2. The new observation MAY carry a `supersedesId` pointing to the previous observation.
3. The **original observation remains immutable** — it is never updated or deleted.
4. Linksets are rebuilt to include all non-superseded observations; superseded observations remain queryable for audit but excluded from active linkset aggregation.
### Implementation checklist (LNM-21-004)
- [x] `IAdvisoryObservationWriteGuard` interface with `ValidateWrite(observation, existingContentHash)` method.
- [x] `AdvisoryObservationWriteGuard` implementation enforcing append-only semantics.
- [x] `AppendOnlyViolationException` for mutation rejections.
- [x] DI registration via `AddConcelierAocGuards()` extension.
- [x] Unit tests covering Proceed/SkipIdentical/RejectMutation scenarios.
- [x] Legacy merge logic deprecated with `[Obsolete]` and gated by `NoMergeEnabled` feature flag (defaults to `true`).
- [x] Roslyn analyzer `StellaOps.Concelier.Analyzers.NoMergeApiAnalyzer` emits warnings for merge API usage.
## Linkset document
```json
{
"bsonType":"object",
"required":["_id","tenantId","advisoryId","source","observations","createdAt"],
"properties":{
"_id":{"bsonType":"objectId"},
"tenantId":{"bsonType":"string"},
"advisoryId":{"bsonType":"string"},
"source":{"bsonType":"string"},
"observations":{"bsonType":"array","items":{"bsonType":"objectId"}},
"normalized": {
"bsonType":"object",
"properties":{
"purls":{"bsonType":"array","items":{"bsonType":"string"}},
"versions":{"bsonType":"array","items":{"bsonType":"string"}},
"ranges": {"bsonType":"array","items":{"bsonType":"object"}},
"severities": {"bsonType":"array","items":{"bsonType":"object"}}
}
},
"confidence": {"bsonType":"double", "description":"Optional correlation confidence (01)"},
"conflicts": {"bsonType":"array","items":{"bsonType":"object",
"required":["field","reason"],
"properties":{
"field":{"bsonType":"string"},
"reason":{"bsonType":"string"},
"values":{"bsonType":"array","items":{"bsonType":"string"}},
"sourceIds":{"bsonType":"array","items":{"bsonType":"string"}}
}}},
"createdAt":{"bsonType":"date"},
"builtByJobId":{"bsonType":"string"},
"provenance": {"bsonType":"object","properties":{
"observationHashes":{"bsonType":"array","items":{"bsonType":"string"}},
"toolVersion" : {"bsonType":"string"},
"policyHash" : {"bsonType":"string"}
}}
}
}
```
### Linkset invariants
- Built from a set of observation IDs; never overwrites observations.

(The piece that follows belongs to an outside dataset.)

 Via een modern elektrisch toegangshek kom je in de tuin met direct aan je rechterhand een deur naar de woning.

- Carries the hash list of source observations for audit/replay.
- Deterministic sort: observations sorted by `source, advisoryId, fetchedAt` before hashing.
- Conflicts are additive only and now carry optional `sourceIds[]` to trace which upstream sources produced divergent values.
## Indexes (Mongo)
- Observations: `{ tenantId:1, source:1, advisoryId:1, provenance.fetchedAt:-1 }` (compound for ingest); `{ provenance.sourceArtifactSha:1 }` unique to avoid dup writes.

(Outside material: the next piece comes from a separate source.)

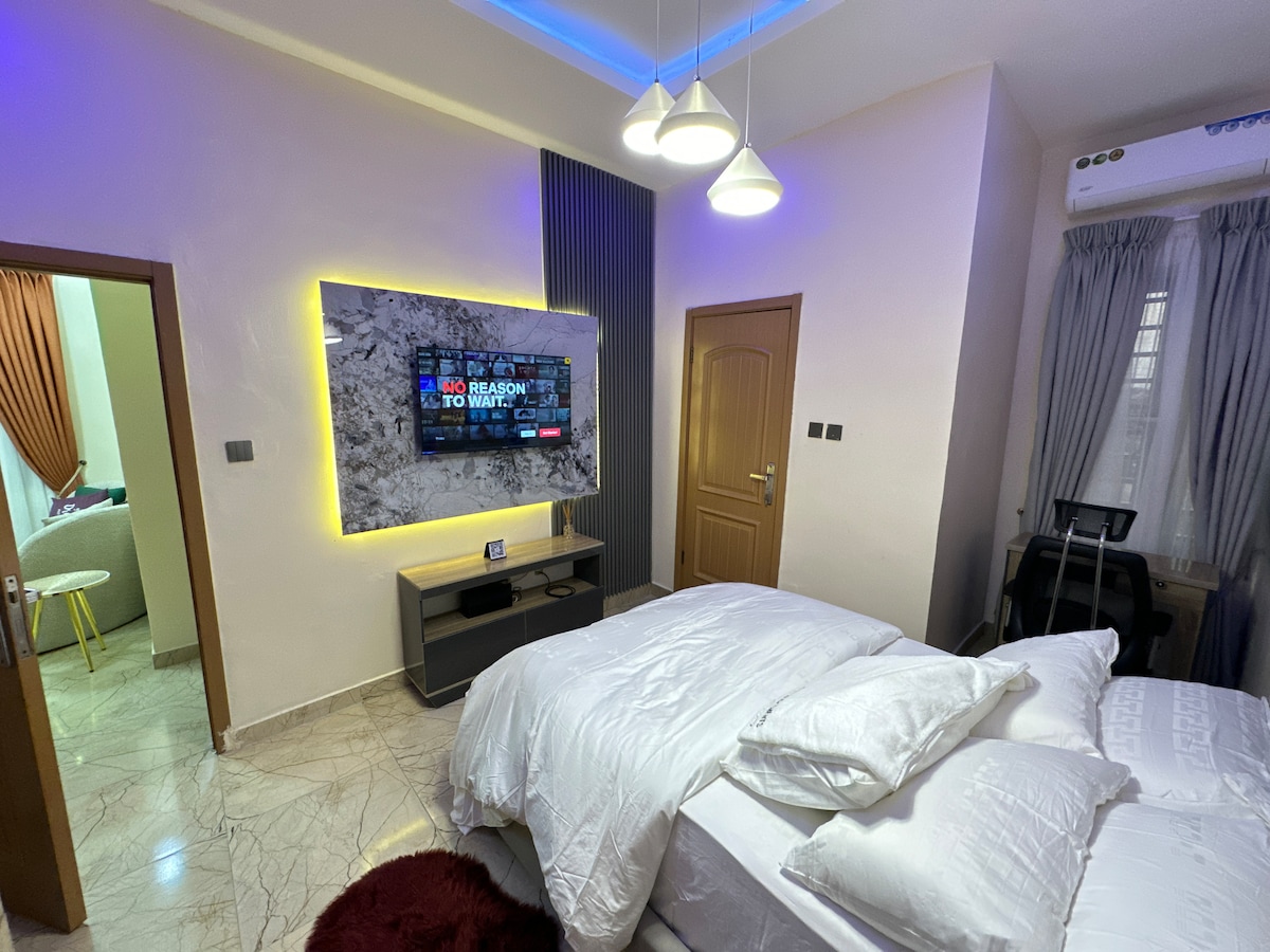 -New and fresh -24 hours power supply -Gym -PS5, unlimited and fast Wifi, Amazon prime, Netflix and dstv -House Keeping -Secured and serene estate -Clean water -spacious balcony -very close proximity to Leisure sports Park(basketball, football, long tennis and paintball) No get together or parties allowed( 2 guests max)

- Linksets: `{ tenantId:1, advisoryId:1, source:1 }` unique; `{ observations:1 }` sparse for reverse lookups.
## Collections
- `advisory_observations` — raw per-source docs (immutable).
- `advisory_linksets` — derived normalized aggregates with observation pointers and hashes.
## Determinism & replay
- Replay rebuild: order observations by fetchedAt, recompute linkset hash list, ensure byte-identical linkset JSON.

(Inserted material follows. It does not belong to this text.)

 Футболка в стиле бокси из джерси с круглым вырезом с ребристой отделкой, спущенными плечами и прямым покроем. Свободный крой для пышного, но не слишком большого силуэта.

- All timestamps UTC ISO-8601; no server-local time.
- String normalization: lowercase `source`, trim/normalize PURLs, stable sort arrays.
## Sample documents
See `docs/samples/lnm/observation-ghsa.json` and `docs/samples/lnm/linkset-ghsa.json` (added with this draft) for concrete payloads.
## Approval path
1) Architecture + Concelier Core review this document.
2) If accepted, freeze JSON Schema and roll into `src/Concelier/__Libraries/StellaOps.Concelier.Storage.Mongo` migrations.
3) Update consumers (policy/CLI/export) to read from linksets only; deprecate Merge endpoints.
---
Tracking: CONCELIER-LNM-21-001/002/101; Sprint 110 blockers (Concelier/Excititor waves).